Bypass the Russian blockade: Deutsche Bahn wants to get more grain from Ukraine

Because Russia is blocking the ports, almost 25 million tons of grain are stuck in Ukraine, which many countries urgently need.

Bypass the Russian blockade: Deutsche Bahn wants to get more grain from Ukraine

Because Russia is blocking the ports, almost 25 million tons of grain are stuck in Ukraine, which many countries urgently need. Deutsche Bahn therefore wants to organize additional train journeys and thus expand agricultural exports from the country.

Deutsche Bahn (DB) wants to provide Ukraine with more support for grain exports. "In view of the impending famine in parts of the world and the enormous need to export millions of tons of Ukrainian grain to the world, we as DB Cargo will organize further orders and train journeys in coordination with the federal government," said DB Cargo boss Sigrid Nikutta the newspapers of the editorial network Germany.

"We do everything that we as a company can do out of social responsibility." DB Cargo, with its subsidiaries in Poland and Romania, currently runs several trains a day with grain to various seaports. "Now it's a matter of expanding these agricultural exports. The goal is viable connections to the seaports of the North Sea and the Black and Mediterranean Seas."

Because of Russia's blockade of Ukraine's Black Sea ports, Ukraine urgently needs alternative export routes to export grain abroad. According to the UN Food and Agriculture Organization (FAO), around 25 million tons of grain are currently stuck in Ukraine. The country is therefore urgently looking for alternative routes.

Because of the different gauges, however, freight trains have to be reloaded at the border.
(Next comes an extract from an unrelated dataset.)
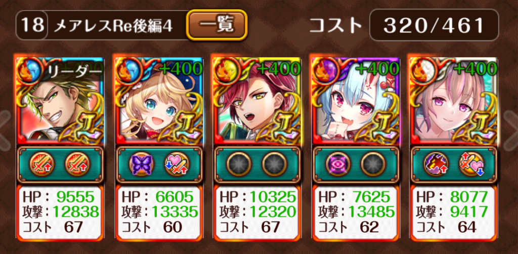 ・融合強化クレティアと複属性封印強化は対して強化率が変わらない。そして、敵のHPが低いなら逆襲スキチャが刺さりやすいので、この編成になりました。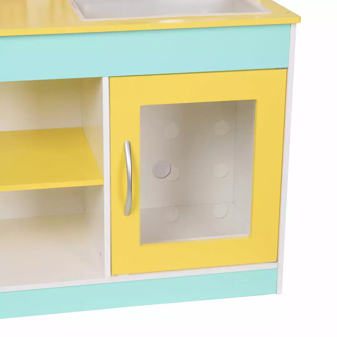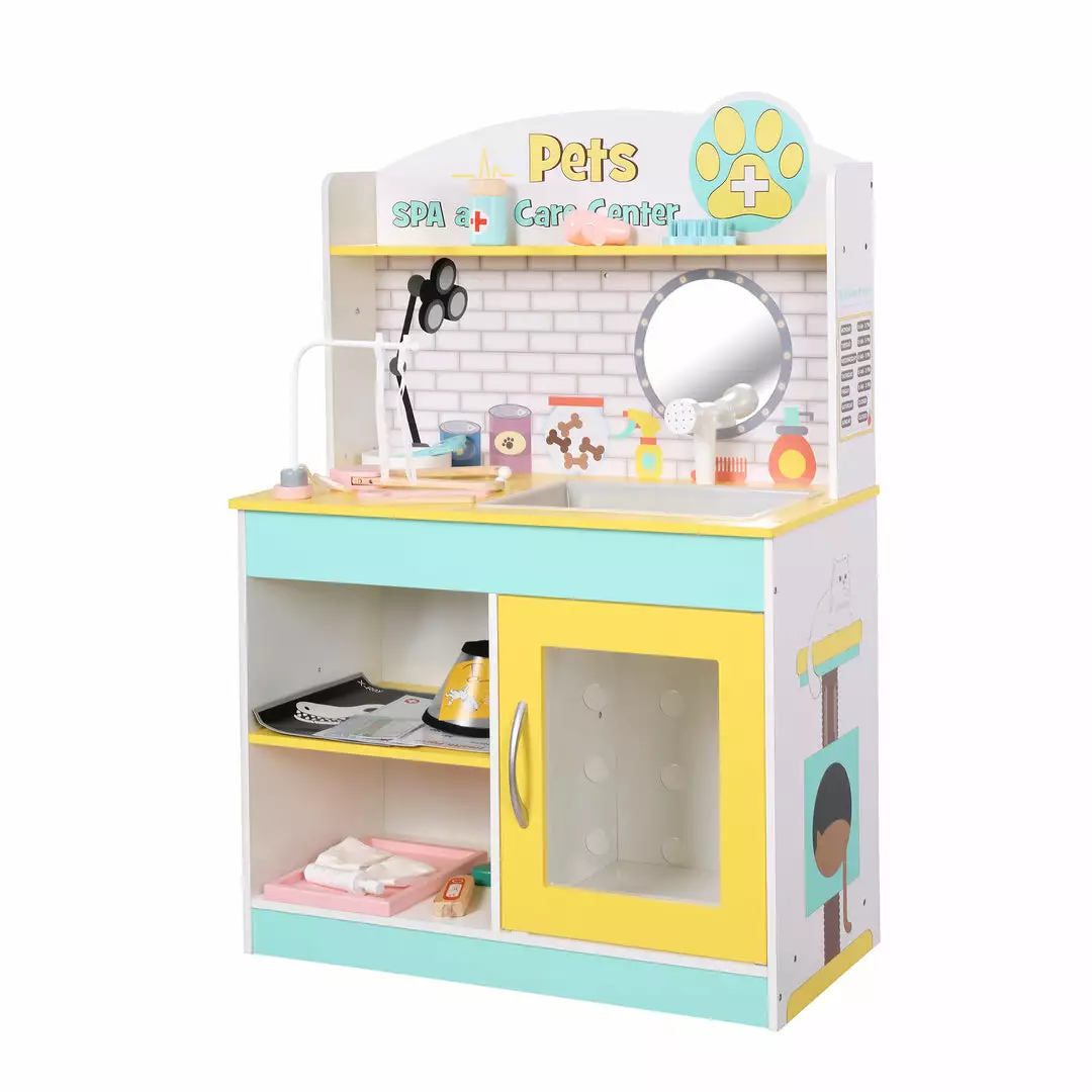 Give your little one everything they need to take care of their stuffed animals with the Teamson Kids Little Helper Pet Care and Vet Clinic Playset. This kids activity set features teal and yellow finishes with a subway tile and silver accents, making it great for both boys and girls, and it completes any home, classroom, preschool, or daycare playroom. The functional and interactive design features a leash pole to hold their furry friends, a kennel with transparent door, a sink, and a clock with rotating pointer to enhance your little one’s play time. With the included pretend vet exam accessories – a feed bowl, x-ray, health checklist, prescription, syringe, scissors, stethoscope, medicine jar, thermometer, comb, hairdryer, tray, two gauzes, tongue depressor, handed mirror, doctor hammer, recovery collar, and doctor ID holder with card – this set encourages role play and lights up your little veterinarian’s imagination and creativity. The durable MDF construction is kid-safe and easy to wipe clean for every day messes. The easy-to-follow instructions allow for quick adult assembly so play time can start right away. This kid-sized vet playset measures 23.5″ x 11.75″ x 34″ and is recommended for children ages 3 years and up.

In the opposite direction, after three months of war, DB Cargo transported around 700 container loads with humanitarian aid to Ukraine via the "Rail Bridge Ukraine", a railway spokesman told RND. These are donations from municipalities, companies and private individuals. Numerous groceries, hygiene articles and everyday items are still being shipped.

In the meantime, many technical aid supplies are also transported by rail. According to a railway spokesman, for example, a complete hydroelectric power plant with pumps was delivered from the Siegen-Wittgenstein district. Also around 1400 solar systems for private households, a mobile crane and three container loads with animal feed and veterinary medicine from Zoo Berlin for the Zoo in Kyiv.